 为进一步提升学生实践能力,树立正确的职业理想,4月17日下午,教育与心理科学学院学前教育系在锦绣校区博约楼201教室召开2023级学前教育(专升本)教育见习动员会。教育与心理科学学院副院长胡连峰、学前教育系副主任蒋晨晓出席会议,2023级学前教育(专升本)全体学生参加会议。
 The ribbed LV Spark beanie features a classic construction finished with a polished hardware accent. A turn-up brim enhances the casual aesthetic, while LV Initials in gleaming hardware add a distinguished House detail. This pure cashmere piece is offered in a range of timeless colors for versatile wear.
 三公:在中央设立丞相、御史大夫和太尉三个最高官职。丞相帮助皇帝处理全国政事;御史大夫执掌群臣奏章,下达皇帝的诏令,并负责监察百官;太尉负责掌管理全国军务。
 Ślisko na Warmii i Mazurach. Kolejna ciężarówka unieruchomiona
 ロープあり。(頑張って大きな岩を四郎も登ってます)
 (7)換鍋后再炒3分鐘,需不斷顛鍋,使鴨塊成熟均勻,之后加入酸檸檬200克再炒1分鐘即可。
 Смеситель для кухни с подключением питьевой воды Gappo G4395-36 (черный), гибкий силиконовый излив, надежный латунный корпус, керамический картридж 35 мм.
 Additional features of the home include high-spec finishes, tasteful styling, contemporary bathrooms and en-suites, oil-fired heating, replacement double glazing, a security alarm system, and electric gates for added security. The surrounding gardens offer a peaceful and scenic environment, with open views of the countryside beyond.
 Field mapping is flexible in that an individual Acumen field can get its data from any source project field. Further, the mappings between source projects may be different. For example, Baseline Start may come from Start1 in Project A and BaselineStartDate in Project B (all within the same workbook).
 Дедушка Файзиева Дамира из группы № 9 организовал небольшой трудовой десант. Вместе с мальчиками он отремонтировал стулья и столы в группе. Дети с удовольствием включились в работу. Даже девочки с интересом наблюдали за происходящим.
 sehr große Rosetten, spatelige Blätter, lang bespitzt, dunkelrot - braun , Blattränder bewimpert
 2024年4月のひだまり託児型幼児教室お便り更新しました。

* Exercise goal:
Look through the listing above and copy each line with the word "features" in it.

* Written answer:
 The ribbed LV Spark beanie features a classic construction finished with a polished hardware accent. A turn-up brim enhances the casual aesthetic, while LV Initials in gleaming hardware add a distinguished House detail. This pure cashmere piece is offered in a range of timeless colors for versatile wear.
 Additional features of the home include high-spec finishes, tasteful styling, contemporary bathrooms and en-suites, oil-fired heating, replacement double glazing, a security alarm system, and electric gates for added security. The surrounding gardens offer a peaceful and scenic environment, with open views of the countryside beyond.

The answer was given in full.